There were scenes that I felt were a little stagey, a little on-the-nose, where I was wrapped up enough in everything not to notice those aspects the first time. Overall, though, if I'd had it to do again, I still would have slotted this ahead of Don't Worry Darling last year. It's still a powerhouse movie with an incredible central performance, and excellent performances around it.

And on the subject of its fatphobia or lack thereof ... I ultimately come down to this conclusion: If you are ever going to make a movie about a morbidly obese man, you are going to get accusations that the film is repulsed by him. So either the choice is never to make a movie about such a character, or to go beneath the knee jerk reaction and decide to grapple with what the film is actually doing.

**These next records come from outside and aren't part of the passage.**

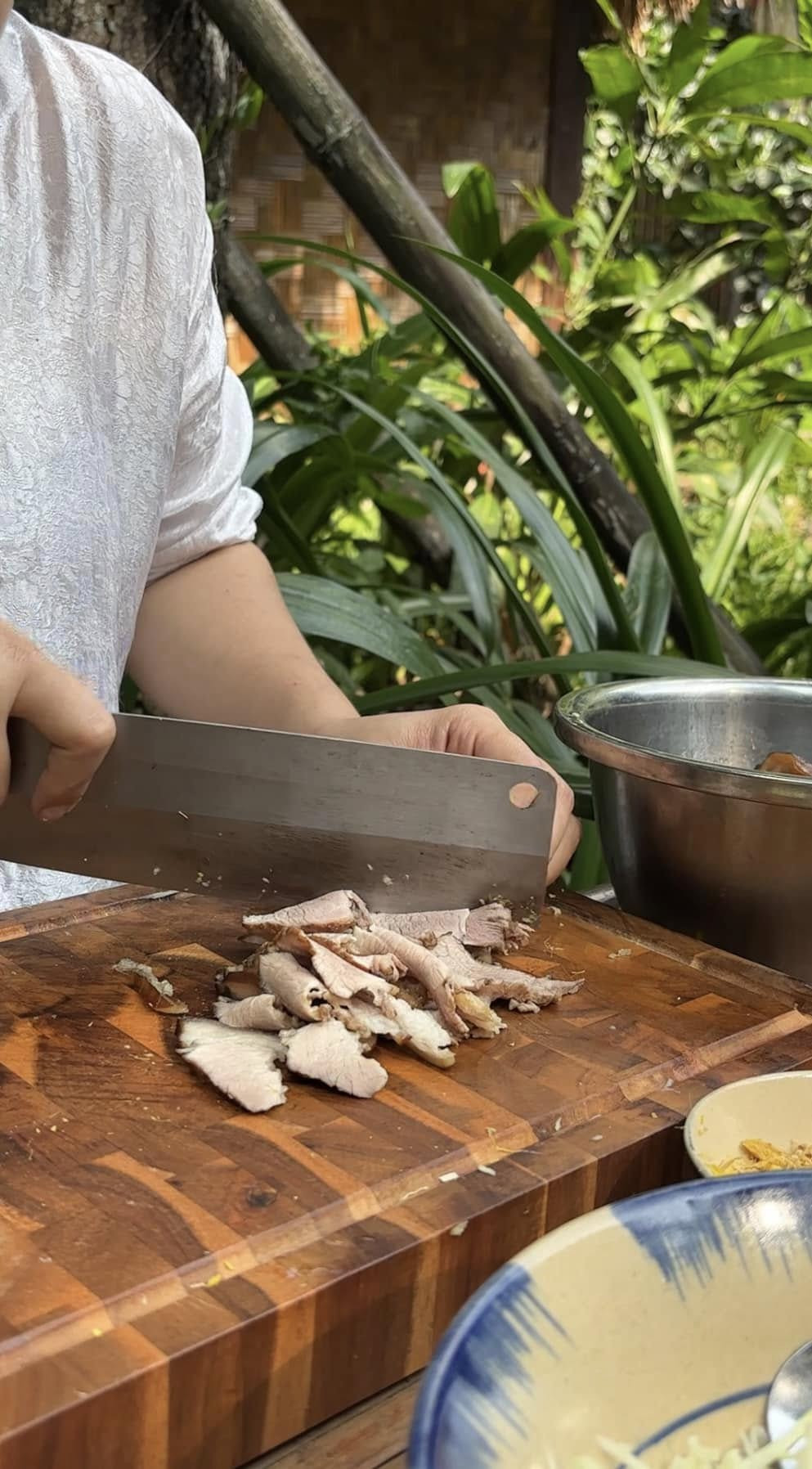Tiếp đến, người ta thái thịt chân giò thành các miếng thật mỏng. Công đoạn này đòi hỏi chút khéo léo sao cho thịt được thái đều tay, dính liền với da, vừa ngon, vừa đảm bảo thẩm mỹ.
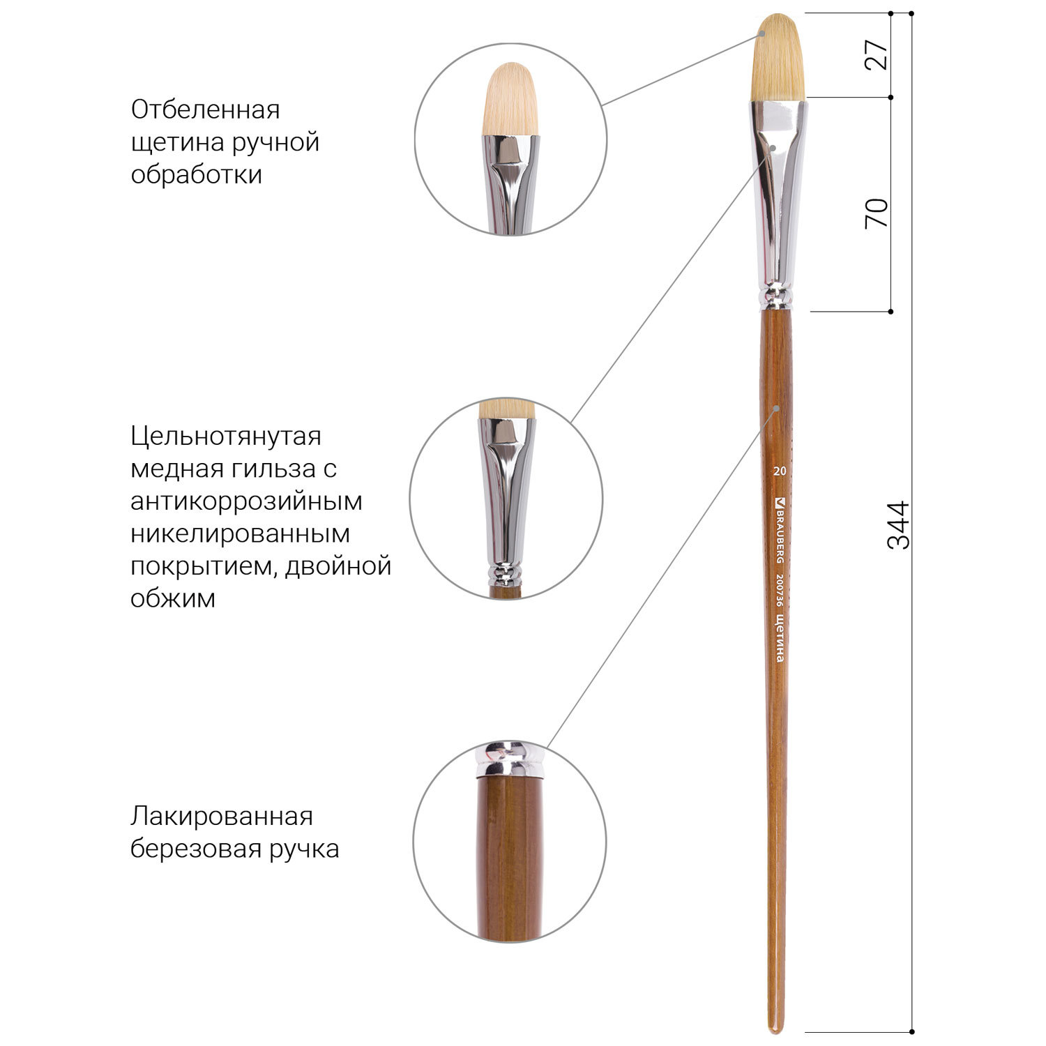 Кисть художественная профессиональная BRAUBERG ART CLASSIC щетина овальная № 30 Кисть художественная профессиональная Art Classic щетина овальная №30
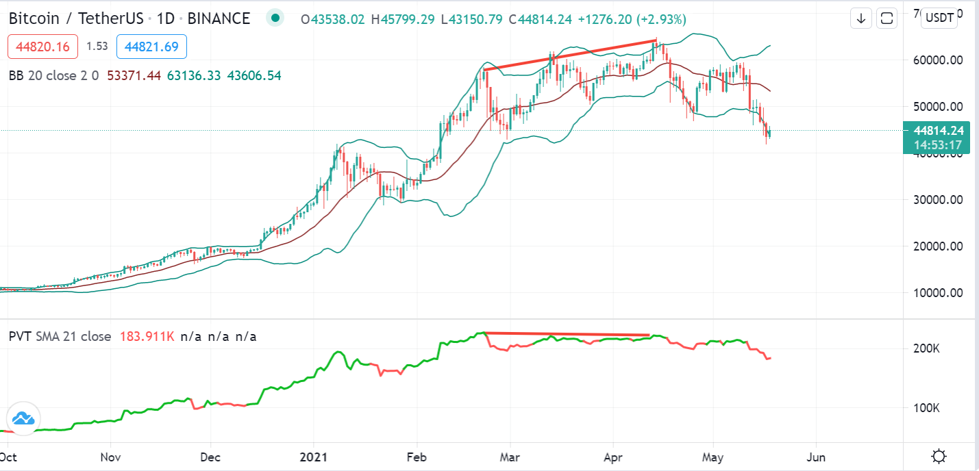 아래는 비트코인의 예시입니다. 빨간색 선이 다이버전스가 나타난 부분이며, 이후 하락한것을 확인하였습니다.
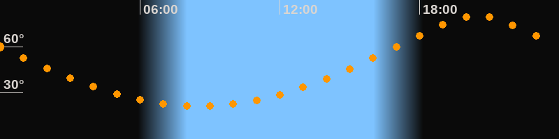 Höchster Stand (Kulmination)20:29 Uhr (h = 80,1°)
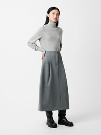 The Carson skirt is cut from a compact poly-viscose fabric that feels spongy yet dense to the touch and helps lend a sculptural bell-like shape to the silhouette. It has deep inverted pleats that are cleverly folded to create extra volume and which also draw the eye down to a thick folded midi hem that stops at the calf. DETAILS - Concealed hook and zip fastening - Reverse welt pocket - Single back vent - Stretchy poly-viscose blendChen is 5'10"/ 178 cms and wears a UK8 CARE 64% Polyester 34% Viscose 2% Elastane Dry Clean | Cool Iron Made in Portugal
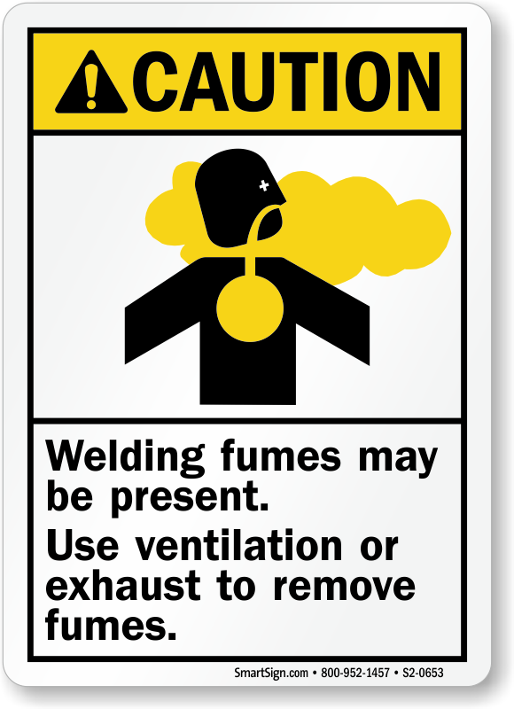 ANSI Caution Sign: Welding Fumes May Be Present, Use Ventilation Or Exhaust To Remove Fumes (With Inhalation Hazard Graphic) S2-0653
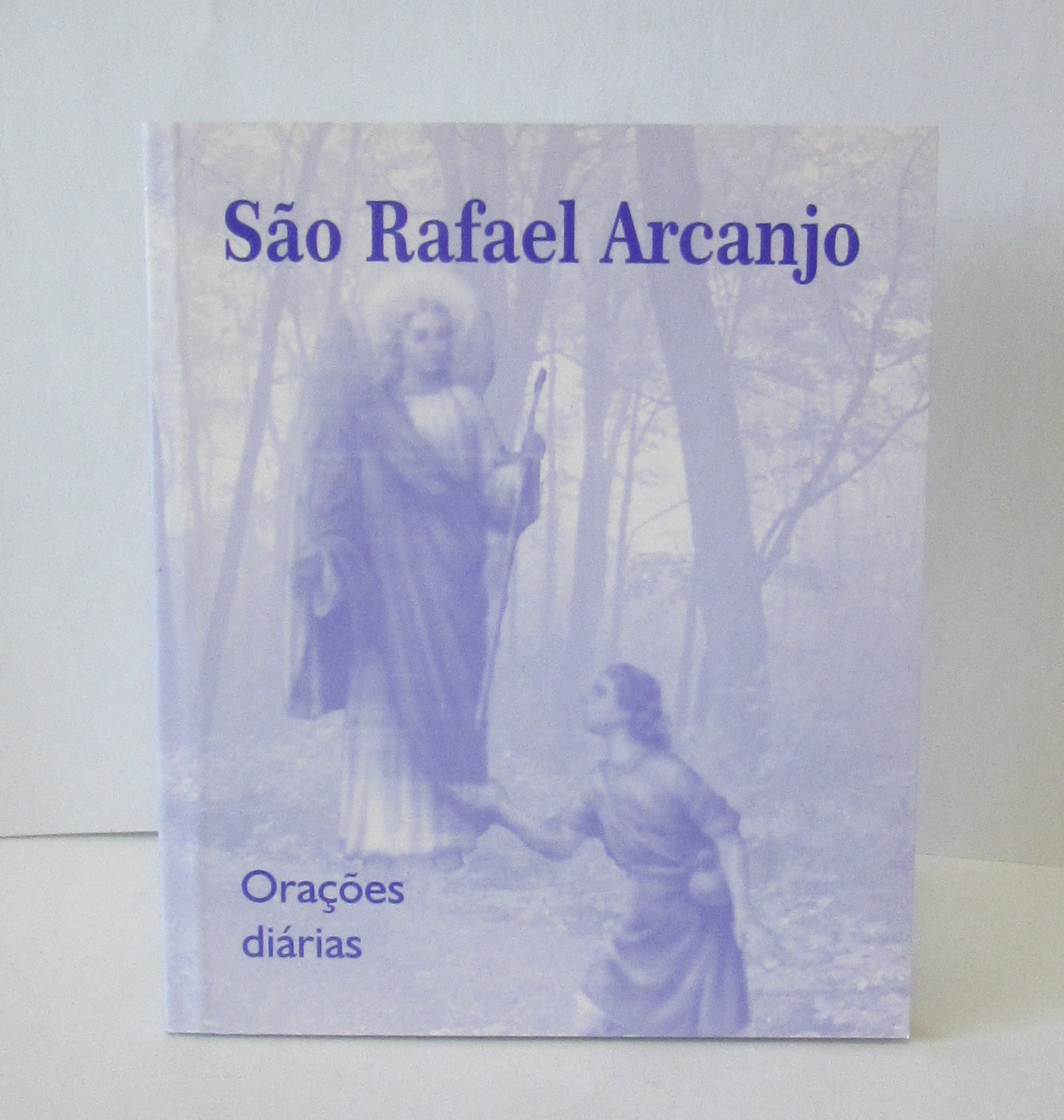 Capa de livro azul com imagem de anjo e texto São Rafael Arcanjo

The film is obviously concerned for Charlie, but not because he "looks gross." It's because the condition of his body is most likely going to kill him, and because it's a reaction to a depression that results both from things he could control and things he could not control. I said it at the time and I say it still: This is a movie about a person, not a body. 

Interestingly, though, it may be no better than my third or fourth favorite Aronofsky movie. I'd definitely place Requiem for a Dream and mother! ahead of it, the latter benefitting from repeat viewings after finishing at #15 in 2017, and the former remaining a singular nightmarish vision of addiction that finished at #13 in 2000. And then don't forget the film that actually won Aronofsky his coveted #1 ranking in 2008, The Wrestler, which remains steady in my appraisals each time I watch it.

In other words, four of Aronofsky's eight feature films are movies I absolutely cherish, with Black Swan and Pi both staking a strong claim to my affections. 

That makes Darren a king in this or any year.